According to our results, the age of MEN1 diagnosis and the age of the MEN1 manifestations are significantly higher in mutation-negative patients with two of the main MEN1-associated tumors. We have now demonstrated that these patients also have a more favorable clinical course, justifying the concept that these patients might not have a true MEN1 syndrome, but a MEN1-like syndrome or sporadic co-incidence of two (neuroendocrine) tumors. According to the favorable clinical course of these patients, it is questionable whether or not these patients should be intensively screened for future endocrine events according to the clinical guidelines for MEN1 patients.

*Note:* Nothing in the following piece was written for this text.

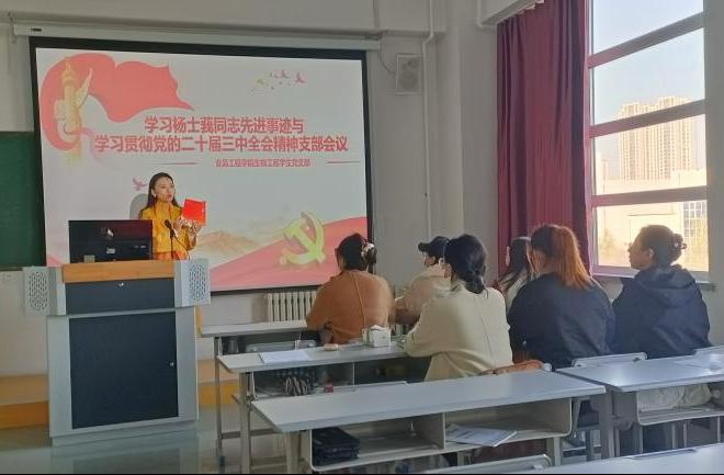 为学习宣传杨士莪同志先进事迹,大力弘扬科学家精神、教育家精神,充分响应学校开展的向“时代楷模”杨士莪同志学习活动部署要求,食品工程学院党委组织各师生党支部开展了“学习杨士莪同志先进事迹贯彻落实党的二十大和党的二十届三中全会精神”专题活动。
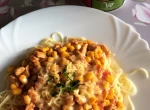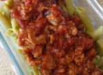 W rondlu z grubym dnem połączyć masło, oliwę, śmietankę, wino, mleko, curry, czosnek, listki laurowe i sól. Doprowadzić do wrzenia, po czym zmniejszyć ogień i dusić bez przykrycia 15-20 minut, od czasu do czasu mieszając, aż sos zgęstnieje. Wymieszać migdały i kawałki kurczaka. Doprawić do smaku i dusić 2-3 minuty, aż składniki dobrze się podgrzeją. Podczas gdy sos się powoli dusi, w dużej ilości osolonej wody ugotować makaron al dente. Odcedzić i przełożyć do ciepłej miski. Wymieszać z połową sosu i drugą połowę nałożyć na wierzch.

Caution is warranted when encountering a mutation-negative patient who has a positive family history for MEN1 or with three MEN1-related manifestations. In our cohort, all mutation-negative patients were index cases with two main MEN1-related manifestations and a negative family history; however, previous papers have reported negative mutational testing in patients with familial occurring MEN1 [6, 26, 28]. We do expect that cases with a negative mutational testing in combination with a positive family history will become highly uncommon in the present era of highly sensitive tests such as MLPA and next generation sequencing [34, 35].

Conclusions

In conclusion, MEN1 is a syndrome with high life-time occurrence of pHPT, dpNET, and PIT and a considerable risk of premature death with an estimated median survival of 73 years. MEN1 mutation-positive and mutation-negative patients have a different clinical course, with mutation-negative patients developing MEN1 manifestations at a higher age and having a median survival comparable to the general population, which is 10 years longer than MEN1 mutation-positive patients. Mutations in the CDKN1B gene can be considered a rarity and do not fully explain the occurrence of MEN1 phenocopies. The apparent differences in clinical course suggests that mutation-negative patients with two out of the three main MEN1 manifestations do not have true MEN1, but another MEN1-like syndrome or sporadic co- incidence of two NETs.